→ **WHAT NEEDS TO BE DONE**:
Among the records, which lines include "your"? List them.

→ **SOURCE RECORDS**:
_ _ _ _
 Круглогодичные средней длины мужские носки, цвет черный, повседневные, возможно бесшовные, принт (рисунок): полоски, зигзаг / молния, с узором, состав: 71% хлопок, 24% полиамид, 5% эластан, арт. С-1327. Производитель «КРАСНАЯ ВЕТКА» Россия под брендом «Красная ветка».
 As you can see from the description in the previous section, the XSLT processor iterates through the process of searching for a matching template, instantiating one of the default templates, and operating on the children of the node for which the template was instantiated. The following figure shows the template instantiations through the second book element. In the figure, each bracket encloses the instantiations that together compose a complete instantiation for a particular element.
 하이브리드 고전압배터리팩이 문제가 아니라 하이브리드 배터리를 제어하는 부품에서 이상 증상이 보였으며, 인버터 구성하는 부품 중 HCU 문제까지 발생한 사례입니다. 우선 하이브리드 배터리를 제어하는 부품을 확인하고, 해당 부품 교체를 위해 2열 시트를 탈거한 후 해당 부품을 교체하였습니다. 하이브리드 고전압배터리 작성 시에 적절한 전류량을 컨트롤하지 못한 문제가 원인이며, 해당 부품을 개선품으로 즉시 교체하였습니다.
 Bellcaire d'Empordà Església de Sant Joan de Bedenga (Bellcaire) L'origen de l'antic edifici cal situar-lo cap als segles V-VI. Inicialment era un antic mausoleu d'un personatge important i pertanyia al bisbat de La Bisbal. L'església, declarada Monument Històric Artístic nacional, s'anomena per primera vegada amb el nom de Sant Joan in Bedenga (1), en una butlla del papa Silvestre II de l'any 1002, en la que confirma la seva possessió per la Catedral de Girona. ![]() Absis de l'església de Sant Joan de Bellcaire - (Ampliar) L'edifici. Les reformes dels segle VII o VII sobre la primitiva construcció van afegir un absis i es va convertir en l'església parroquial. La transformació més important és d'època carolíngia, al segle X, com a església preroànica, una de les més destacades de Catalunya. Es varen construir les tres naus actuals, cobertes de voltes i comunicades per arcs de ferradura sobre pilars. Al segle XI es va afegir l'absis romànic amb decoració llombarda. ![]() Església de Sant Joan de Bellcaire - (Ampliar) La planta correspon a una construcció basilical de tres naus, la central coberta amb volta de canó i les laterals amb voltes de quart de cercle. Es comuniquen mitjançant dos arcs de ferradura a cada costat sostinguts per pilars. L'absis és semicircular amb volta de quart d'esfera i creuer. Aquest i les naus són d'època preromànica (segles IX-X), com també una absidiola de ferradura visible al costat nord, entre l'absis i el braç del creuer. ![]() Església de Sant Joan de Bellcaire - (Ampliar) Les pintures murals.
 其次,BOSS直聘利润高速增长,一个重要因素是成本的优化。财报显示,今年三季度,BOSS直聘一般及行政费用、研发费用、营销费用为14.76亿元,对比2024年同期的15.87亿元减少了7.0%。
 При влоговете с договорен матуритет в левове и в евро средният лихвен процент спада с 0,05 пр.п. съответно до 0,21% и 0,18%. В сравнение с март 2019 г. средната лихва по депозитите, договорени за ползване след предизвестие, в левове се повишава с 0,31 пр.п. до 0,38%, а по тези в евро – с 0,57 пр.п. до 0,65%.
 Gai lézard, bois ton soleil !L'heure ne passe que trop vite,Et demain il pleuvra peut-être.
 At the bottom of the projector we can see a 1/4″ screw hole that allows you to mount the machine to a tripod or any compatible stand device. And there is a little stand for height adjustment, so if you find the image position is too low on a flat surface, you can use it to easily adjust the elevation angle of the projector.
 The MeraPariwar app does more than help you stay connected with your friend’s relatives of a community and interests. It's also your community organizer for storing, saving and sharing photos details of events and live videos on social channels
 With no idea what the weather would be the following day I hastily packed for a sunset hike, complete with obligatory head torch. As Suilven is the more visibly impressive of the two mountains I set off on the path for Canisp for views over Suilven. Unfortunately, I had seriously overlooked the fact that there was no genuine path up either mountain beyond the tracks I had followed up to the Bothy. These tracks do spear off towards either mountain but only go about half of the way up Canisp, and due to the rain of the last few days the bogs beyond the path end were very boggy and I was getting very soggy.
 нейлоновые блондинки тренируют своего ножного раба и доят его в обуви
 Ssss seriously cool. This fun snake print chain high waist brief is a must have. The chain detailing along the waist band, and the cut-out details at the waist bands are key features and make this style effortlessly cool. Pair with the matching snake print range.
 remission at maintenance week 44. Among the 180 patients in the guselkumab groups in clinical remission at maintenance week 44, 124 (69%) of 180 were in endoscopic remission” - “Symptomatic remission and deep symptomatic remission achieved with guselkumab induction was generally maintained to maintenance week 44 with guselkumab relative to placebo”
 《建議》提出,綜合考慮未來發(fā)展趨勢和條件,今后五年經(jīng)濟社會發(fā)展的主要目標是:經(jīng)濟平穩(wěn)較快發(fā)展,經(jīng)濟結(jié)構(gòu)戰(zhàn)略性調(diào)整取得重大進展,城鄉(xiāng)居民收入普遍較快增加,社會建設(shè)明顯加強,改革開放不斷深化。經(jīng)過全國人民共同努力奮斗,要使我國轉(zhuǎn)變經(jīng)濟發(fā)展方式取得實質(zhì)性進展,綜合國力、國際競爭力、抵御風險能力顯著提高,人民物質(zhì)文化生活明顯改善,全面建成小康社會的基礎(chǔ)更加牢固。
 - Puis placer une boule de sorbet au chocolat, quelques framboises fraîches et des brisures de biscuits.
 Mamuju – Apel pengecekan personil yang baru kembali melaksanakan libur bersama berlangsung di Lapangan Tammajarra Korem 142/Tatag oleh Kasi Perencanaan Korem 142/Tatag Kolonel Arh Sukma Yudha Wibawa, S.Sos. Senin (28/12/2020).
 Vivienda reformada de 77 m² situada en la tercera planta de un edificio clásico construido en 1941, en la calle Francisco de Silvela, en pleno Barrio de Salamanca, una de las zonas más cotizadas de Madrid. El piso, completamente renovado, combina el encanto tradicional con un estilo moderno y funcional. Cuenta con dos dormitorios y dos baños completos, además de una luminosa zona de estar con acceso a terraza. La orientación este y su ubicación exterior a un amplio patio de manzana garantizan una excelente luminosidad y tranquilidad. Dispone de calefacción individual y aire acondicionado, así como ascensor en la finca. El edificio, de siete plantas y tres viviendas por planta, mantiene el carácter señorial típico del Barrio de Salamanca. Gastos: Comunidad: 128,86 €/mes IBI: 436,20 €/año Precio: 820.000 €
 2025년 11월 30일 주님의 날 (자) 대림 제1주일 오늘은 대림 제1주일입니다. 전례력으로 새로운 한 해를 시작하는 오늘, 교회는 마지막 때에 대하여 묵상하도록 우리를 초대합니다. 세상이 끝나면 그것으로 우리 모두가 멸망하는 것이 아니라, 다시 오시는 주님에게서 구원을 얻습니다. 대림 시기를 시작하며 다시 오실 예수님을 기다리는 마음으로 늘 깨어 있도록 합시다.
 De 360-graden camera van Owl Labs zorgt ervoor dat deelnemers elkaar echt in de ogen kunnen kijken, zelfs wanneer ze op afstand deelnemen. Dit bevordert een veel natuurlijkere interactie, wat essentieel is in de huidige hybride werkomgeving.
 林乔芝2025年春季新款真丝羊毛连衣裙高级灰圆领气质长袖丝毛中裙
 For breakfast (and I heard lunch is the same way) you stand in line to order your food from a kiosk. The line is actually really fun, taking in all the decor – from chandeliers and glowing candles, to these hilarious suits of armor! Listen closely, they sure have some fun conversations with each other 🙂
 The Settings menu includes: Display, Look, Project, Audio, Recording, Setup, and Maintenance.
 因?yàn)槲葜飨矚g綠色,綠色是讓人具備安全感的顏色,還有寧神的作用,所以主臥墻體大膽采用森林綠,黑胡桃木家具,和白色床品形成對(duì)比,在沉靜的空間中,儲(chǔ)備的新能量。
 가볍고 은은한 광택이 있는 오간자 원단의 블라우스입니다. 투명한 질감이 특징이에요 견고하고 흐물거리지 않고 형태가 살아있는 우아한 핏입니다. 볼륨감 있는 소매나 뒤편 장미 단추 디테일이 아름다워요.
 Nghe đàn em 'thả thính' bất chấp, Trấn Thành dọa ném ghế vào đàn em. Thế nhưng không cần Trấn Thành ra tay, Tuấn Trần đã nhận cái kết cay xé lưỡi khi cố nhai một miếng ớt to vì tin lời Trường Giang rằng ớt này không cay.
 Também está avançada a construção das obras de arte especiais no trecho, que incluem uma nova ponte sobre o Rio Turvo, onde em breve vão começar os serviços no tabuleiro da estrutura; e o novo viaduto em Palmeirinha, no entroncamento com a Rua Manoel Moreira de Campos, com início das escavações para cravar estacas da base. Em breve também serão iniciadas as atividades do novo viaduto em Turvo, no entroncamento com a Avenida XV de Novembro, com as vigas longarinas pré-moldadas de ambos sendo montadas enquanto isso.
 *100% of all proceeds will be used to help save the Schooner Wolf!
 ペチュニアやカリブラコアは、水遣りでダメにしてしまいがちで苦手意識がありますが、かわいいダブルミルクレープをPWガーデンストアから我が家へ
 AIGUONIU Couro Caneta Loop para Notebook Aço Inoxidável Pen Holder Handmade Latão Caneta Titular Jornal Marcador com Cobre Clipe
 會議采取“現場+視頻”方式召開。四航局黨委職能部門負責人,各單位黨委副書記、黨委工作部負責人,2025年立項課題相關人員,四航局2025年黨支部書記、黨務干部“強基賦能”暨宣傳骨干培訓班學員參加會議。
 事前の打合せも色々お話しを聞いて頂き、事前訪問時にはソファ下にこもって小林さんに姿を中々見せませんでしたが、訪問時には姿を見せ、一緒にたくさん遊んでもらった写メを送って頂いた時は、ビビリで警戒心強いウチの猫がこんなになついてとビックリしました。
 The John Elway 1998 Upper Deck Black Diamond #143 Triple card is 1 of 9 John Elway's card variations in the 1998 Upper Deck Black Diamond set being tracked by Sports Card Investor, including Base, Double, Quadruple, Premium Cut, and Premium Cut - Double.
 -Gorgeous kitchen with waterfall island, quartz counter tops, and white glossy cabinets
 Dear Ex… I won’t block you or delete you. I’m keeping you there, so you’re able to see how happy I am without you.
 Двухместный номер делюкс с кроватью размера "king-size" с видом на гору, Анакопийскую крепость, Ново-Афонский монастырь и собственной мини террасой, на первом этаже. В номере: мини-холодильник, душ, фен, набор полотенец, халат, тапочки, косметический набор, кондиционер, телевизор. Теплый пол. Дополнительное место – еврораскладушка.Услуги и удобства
_ _ _ _
→ **EXERCISE ANSWER**:
 The MeraPariwar app does more than help you stay connected with your friend’s relatives of a community and interests. It's also your community organizer for storing, saving and sharing photos details of events and live videos on social channels
 For breakfast (and I heard lunch is the same way) you stand in line to order your food from a kiosk. The line is actually really fun, taking in all the decor – from chandeliers and glowing candles, to these hilarious suits of armor! Listen closely, they sure have some fun conversations with each other 🙂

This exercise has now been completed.